● DATASET CONTENT
BEGIN
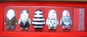 (VISIONAIRE). Edited By Gan, Stephen. New York: Visionaire Publishing, 2004. First Edition 1/2000. Narrow Oblong Folio. Fashion Quarterly. Very Good./No Jacket - As Issued. 5 polychrome vinyl figures housed in a red cardboard and plastic case, with a leporello pamphlet laid in. For their forty-fourth issue, Visionaire has partnered with vanguard toy manufacturer Kidrobot to create an original Visionaire soft vinyl figure, then further collaborated with ten world renowned fashion designers to customize that figure into ten different characters. The issue is released in two different sets (one red, one black) limited to two thousand copies each containing five toys, with an accompanying booklet picturing all ten designs. The characters and booklets are packaged inside a molded plastic and cardboard case. This set (red) features the designs by Dolce & Gabbana, Hedi Slimane, Marc Jacobs for Louis Vuitton, Miuccia Prada, and Viktor & Rolf. Kidrobot is the world's premier creator of limited edition art toys designed by world-renowned artists with backgrounds in graffiti and fine art, illustration, graphic and industrial design, and music. A handsome numbered example (0795/2000) whose interior plastic case and figurines are pristine while the publisher's protective cardboard box shows some creasing and dents. 1-888645-46-6 Inventory Number: 022241
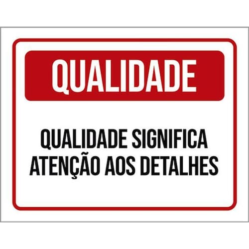 Kit 10 Placas Qualidade Significa Atenção Detalhes 36x46 Placas de sinalizaço fabricadas com poliestireno de alto impacto PSAI de 2mm e impressão ultravioleta.
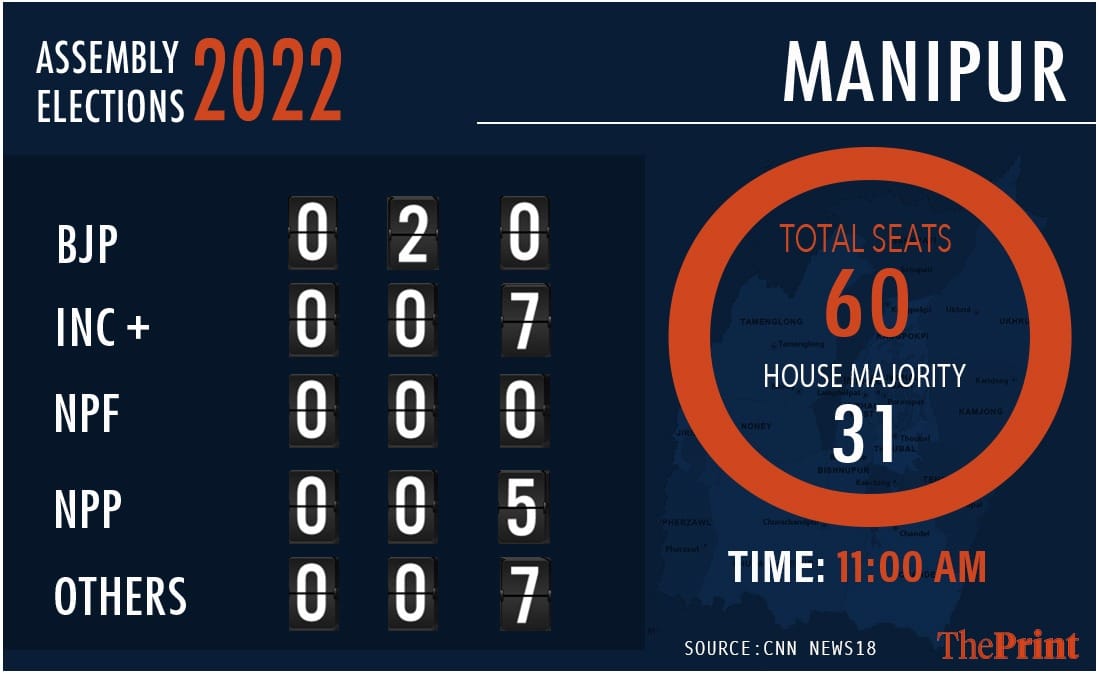 The BJP has crossed the halfway mark in the 60-seat Manipur assembly, where it has been in power for five years in alliance with the NPP, NPF and LJP. It went solo this time and still emerged the single largest party.
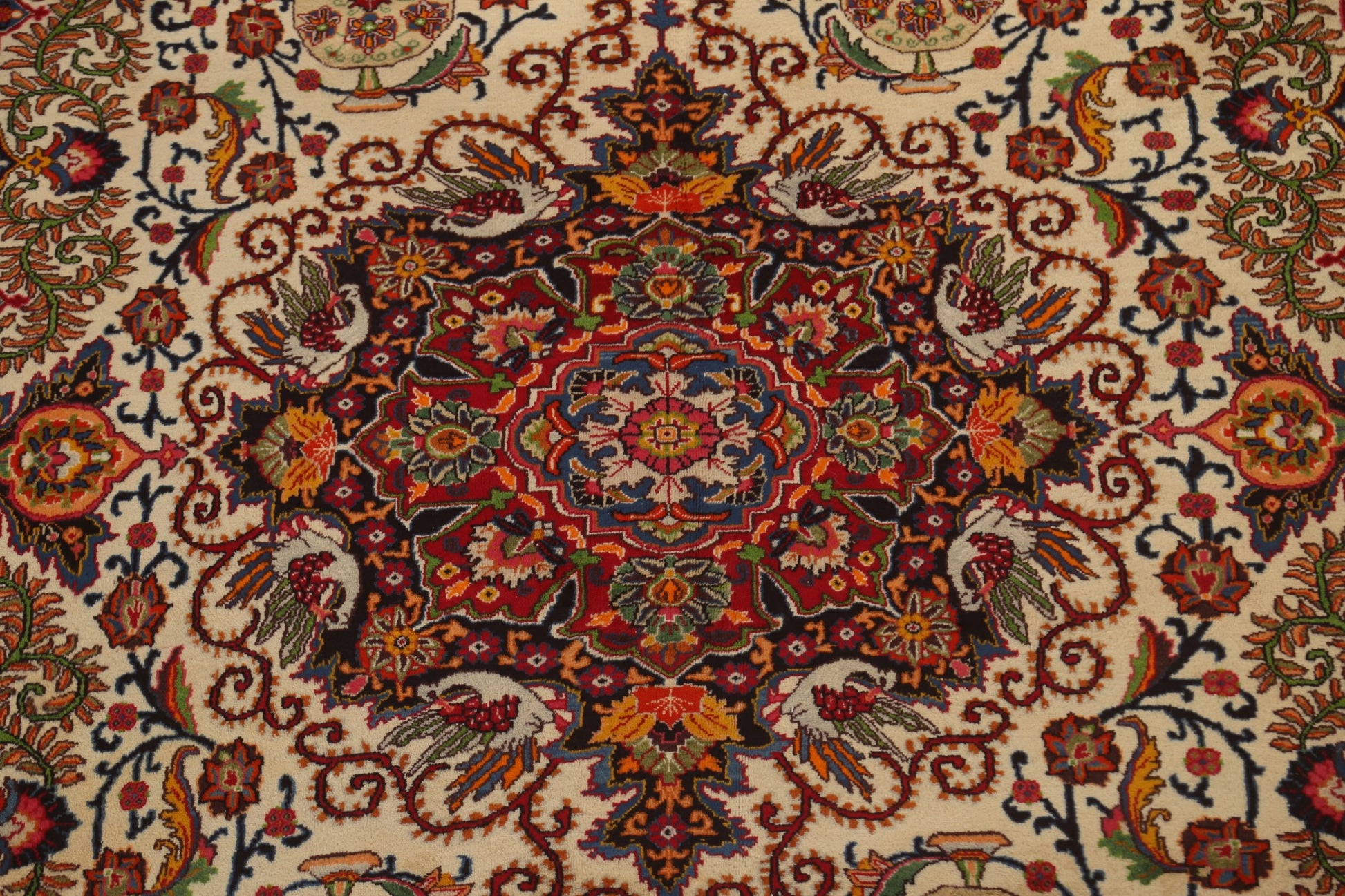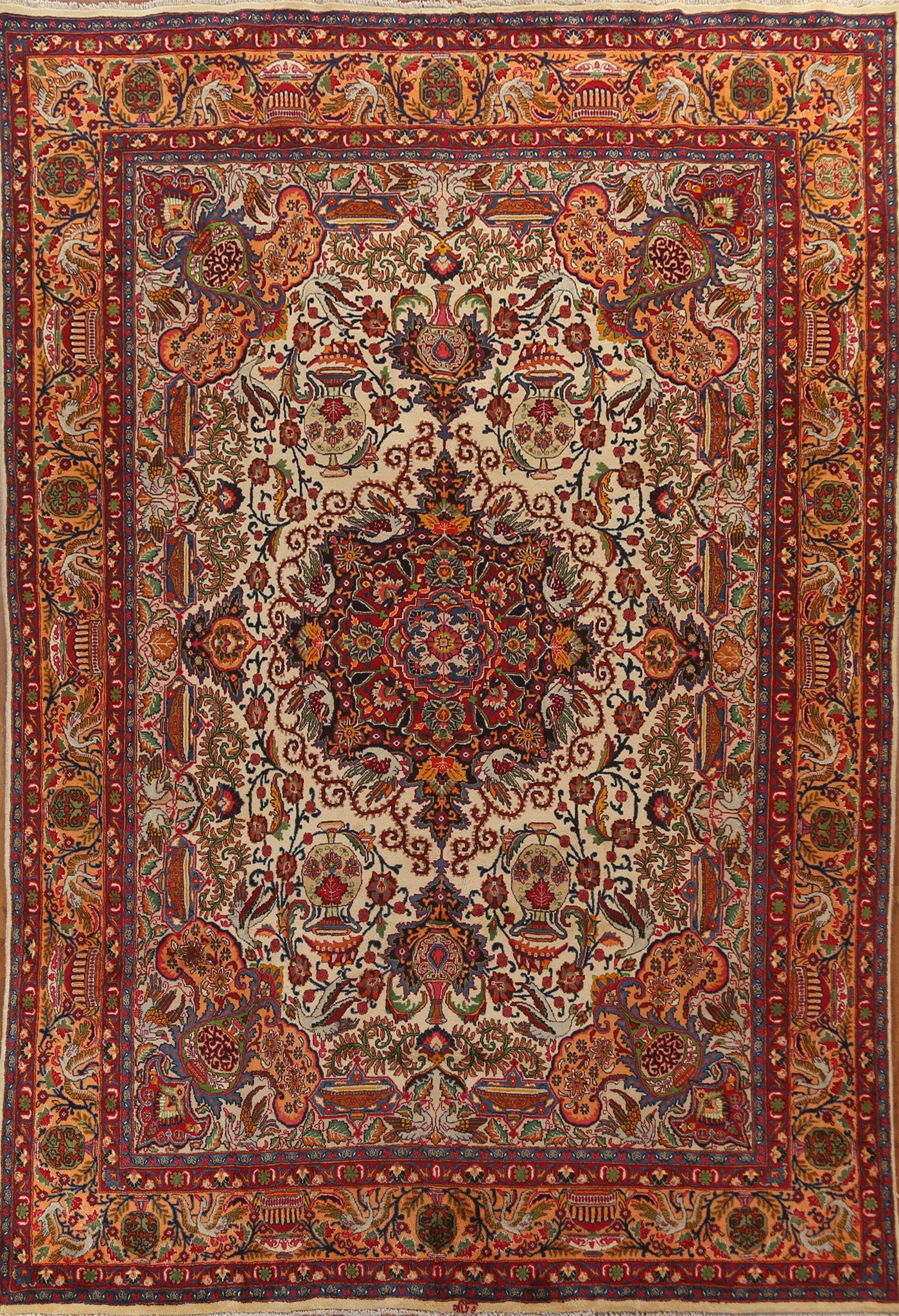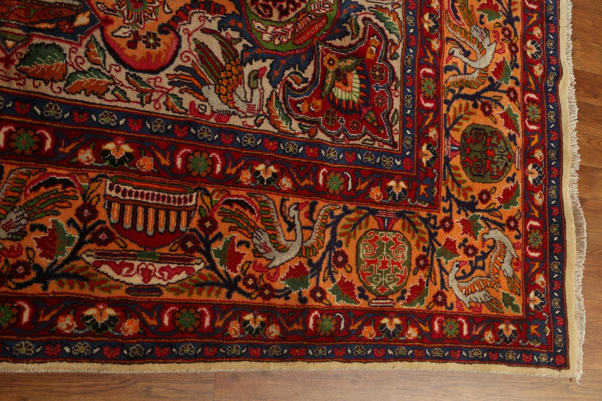 A Beautiful Genuine Persia ( Persia ) Kashmar rug is Hand Knotted by skillful weavers in Persia ( Persia ) with 100% Wool Material. This rug is in Very Good condition. dimensions are 12' 7'' X 9' 8'' in foot and 384 X 295 in centimeter. the primary color is Beige & Ivories.
END
Leave the pictures out and output exactly the lines above, from the start of the listing through the line with "The BJP has".

 (VISIONAIRE). Edited By Gan, Stephen. New York: Visionaire Publishing, 2004. First Edition 1/2000. Narrow Oblong Folio. Fashion Quarterly. Very Good./No Jacket - As Issued. 5 polychrome vinyl figures housed in a red cardboard and plastic case, with a leporello pamphlet laid in. For their forty-fourth issue, Visionaire has partnered with vanguard toy manufacturer Kidrobot to create an original Visionaire soft vinyl figure, then further collaborated with ten world renowned fashion designers to customize that figure into ten different characters. The issue is released in two different sets (one red, one black) limited to two thousand copies each containing five toys, with an accompanying booklet picturing all ten designs. The characters and booklets are packaged inside a molded plastic and cardboard case. This set (red) features the designs by Dolce & Gabbana, Hedi Slimane, Marc Jacobs for Louis Vuitton, Miuccia Prada, and Viktor & Rolf. Kidrobot is the world's premier creator of limited edition art toys designed by world-renowned artists with backgrounds in graffiti and fine art, illustration, graphic and industrial design, and music. A handsome numbered example (0795/2000) whose interior plastic case and figurines are pristine while the publisher's protective cardboard box shows some creasing and dents. 1-888645-46-6 Inventory Number: 022241
 Kit 10 Placas Qualidade Significa Atenção Detalhes 36x46 Placas de sinalizaço fabricadas com poliestireno de alto impacto PSAI de 2mm e impressão ultravioleta.
 The BJP has crossed the halfway mark in the 60-seat Manipur assembly, where it has been in power for five years in alliance with the NPP, NPF and LJP. It went solo this time and still emerged the single largest party.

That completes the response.